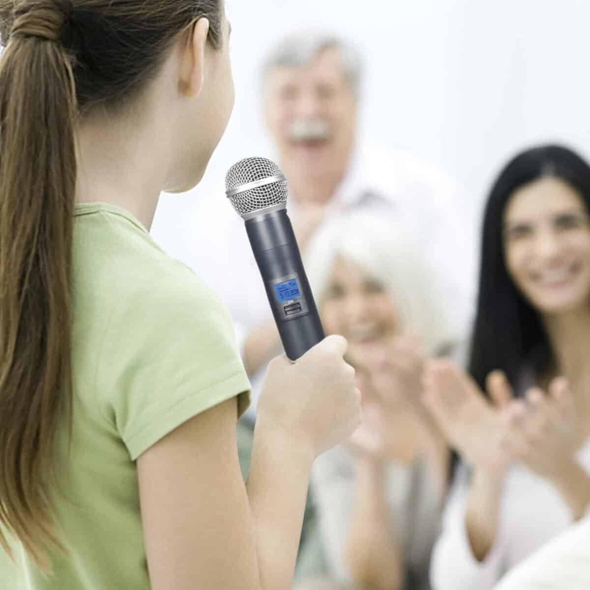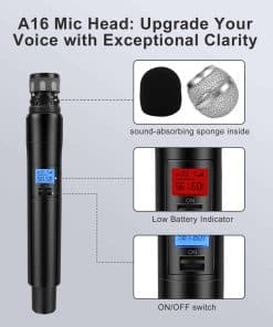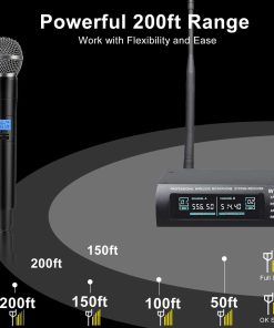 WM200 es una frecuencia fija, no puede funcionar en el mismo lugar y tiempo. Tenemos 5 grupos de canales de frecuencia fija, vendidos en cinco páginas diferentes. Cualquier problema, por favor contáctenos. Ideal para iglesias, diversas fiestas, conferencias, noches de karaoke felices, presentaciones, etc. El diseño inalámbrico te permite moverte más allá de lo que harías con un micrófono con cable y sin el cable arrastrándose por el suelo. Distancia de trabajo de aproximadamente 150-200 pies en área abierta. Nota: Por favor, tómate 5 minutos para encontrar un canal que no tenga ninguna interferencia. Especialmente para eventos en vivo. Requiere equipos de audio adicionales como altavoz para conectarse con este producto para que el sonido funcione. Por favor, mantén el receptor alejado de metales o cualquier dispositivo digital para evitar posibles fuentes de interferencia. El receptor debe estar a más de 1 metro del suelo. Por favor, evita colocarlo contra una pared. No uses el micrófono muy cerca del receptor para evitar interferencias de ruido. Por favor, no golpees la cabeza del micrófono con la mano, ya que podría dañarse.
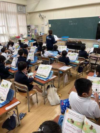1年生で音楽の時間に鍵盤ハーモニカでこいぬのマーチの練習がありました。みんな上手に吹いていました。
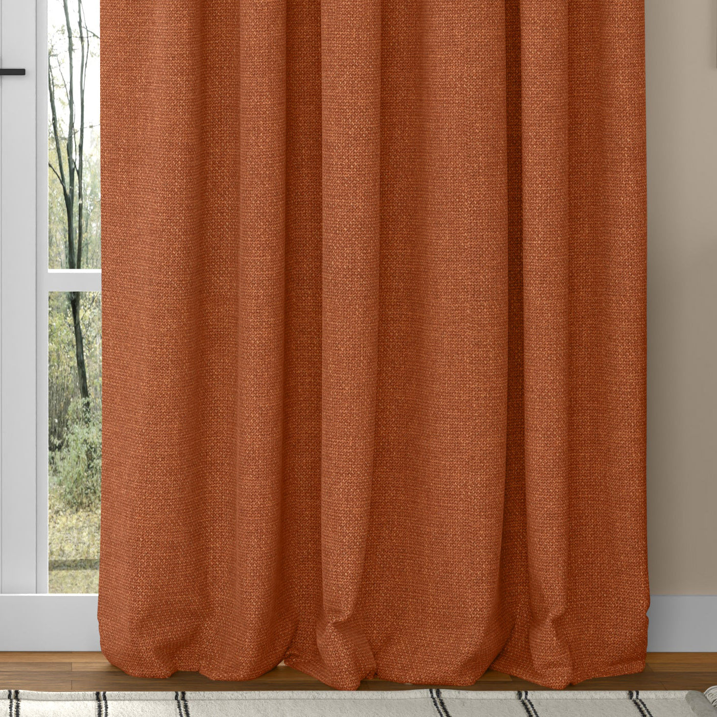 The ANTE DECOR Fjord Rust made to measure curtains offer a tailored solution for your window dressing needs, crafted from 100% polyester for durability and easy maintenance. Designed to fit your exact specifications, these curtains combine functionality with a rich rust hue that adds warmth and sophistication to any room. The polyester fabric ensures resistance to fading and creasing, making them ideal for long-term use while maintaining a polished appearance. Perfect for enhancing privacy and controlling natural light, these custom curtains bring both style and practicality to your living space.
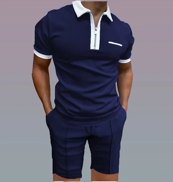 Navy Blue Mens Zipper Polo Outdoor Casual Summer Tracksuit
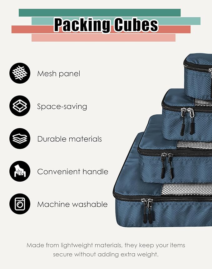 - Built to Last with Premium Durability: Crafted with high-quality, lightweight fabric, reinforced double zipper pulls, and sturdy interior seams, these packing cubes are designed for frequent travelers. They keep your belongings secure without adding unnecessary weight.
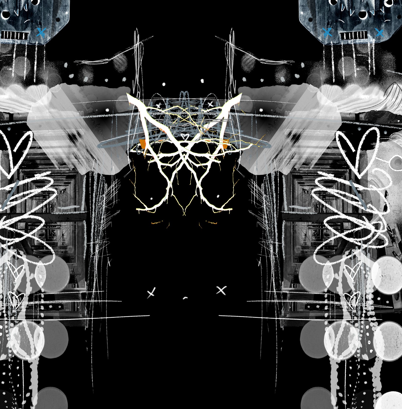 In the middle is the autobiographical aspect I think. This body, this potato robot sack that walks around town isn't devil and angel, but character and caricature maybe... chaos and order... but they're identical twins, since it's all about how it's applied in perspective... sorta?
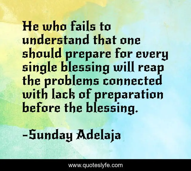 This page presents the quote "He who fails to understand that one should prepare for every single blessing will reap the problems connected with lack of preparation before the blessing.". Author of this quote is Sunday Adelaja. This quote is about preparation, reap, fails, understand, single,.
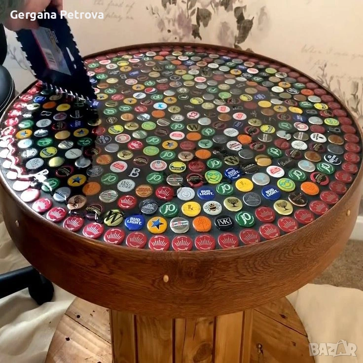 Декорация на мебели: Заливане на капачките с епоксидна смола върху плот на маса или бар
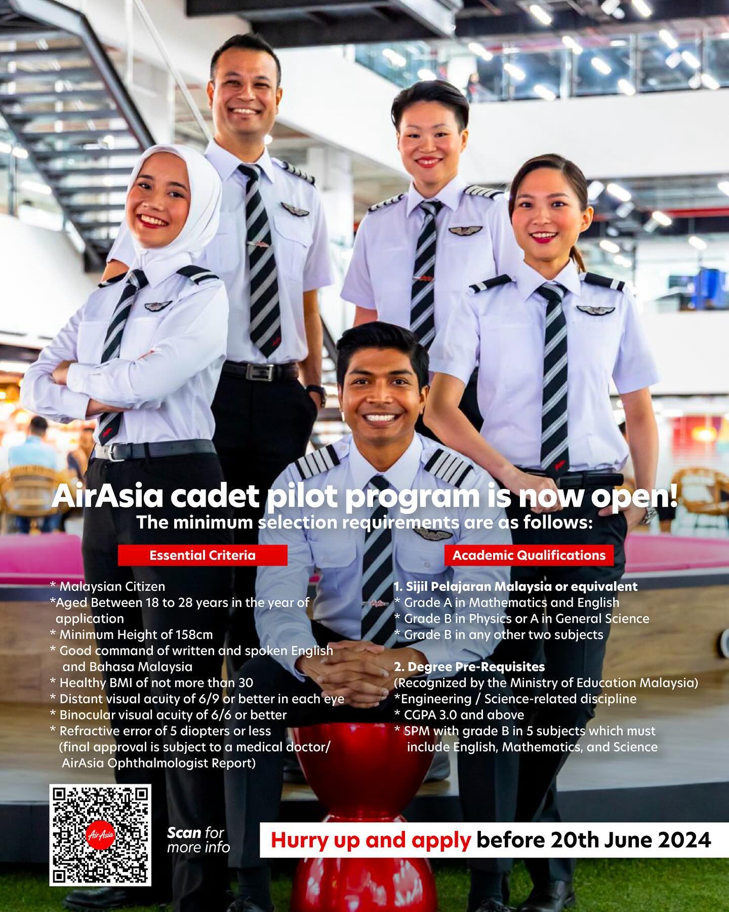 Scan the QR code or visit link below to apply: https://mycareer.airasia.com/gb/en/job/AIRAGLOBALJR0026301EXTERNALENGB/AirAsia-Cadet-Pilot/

DESCRIPTION OF THE TASK - Every line from the start of the material through the line containing "1年生で音楽の時間に鍵盤ハー" is needed exactly as written; the pictures are not.

SOLVED PROBLEM -
 WM200 es una frecuencia fija, no puede funcionar en el mismo lugar y tiempo. Tenemos 5 grupos de canales de frecuencia fija, vendidos en cinco páginas diferentes. Cualquier problema, por favor contáctenos. Ideal para iglesias, diversas fiestas, conferencias, noches de karaoke felices, presentaciones, etc. El diseño inalámbrico te permite moverte más allá de lo que harías con un micrófono con cable y sin el cable arrastrándose por el suelo. Distancia de trabajo de aproximadamente 150-200 pies en área abierta. Nota: Por favor, tómate 5 minutos para encontrar un canal que no tenga ninguna interferencia. Especialmente para eventos en vivo. Requiere equipos de audio adicionales como altavoz para conectarse con este producto para que el sonido funcione. Por favor, mantén el receptor alejado de metales o cualquier dispositivo digital para evitar posibles fuentes de interferencia. El receptor debe estar a más de 1 metro del suelo. Por favor, evita colocarlo contra una pared. No uses el micrófono muy cerca del receptor para evitar interferencias de ruido. Por favor, no golpees la cabeza del micrófono con la mano, ya que podría dañarse.
1年生で音楽の時間に鍵盤ハーモニカでこいぬのマーチの練習がありました。みんな上手に吹いていました。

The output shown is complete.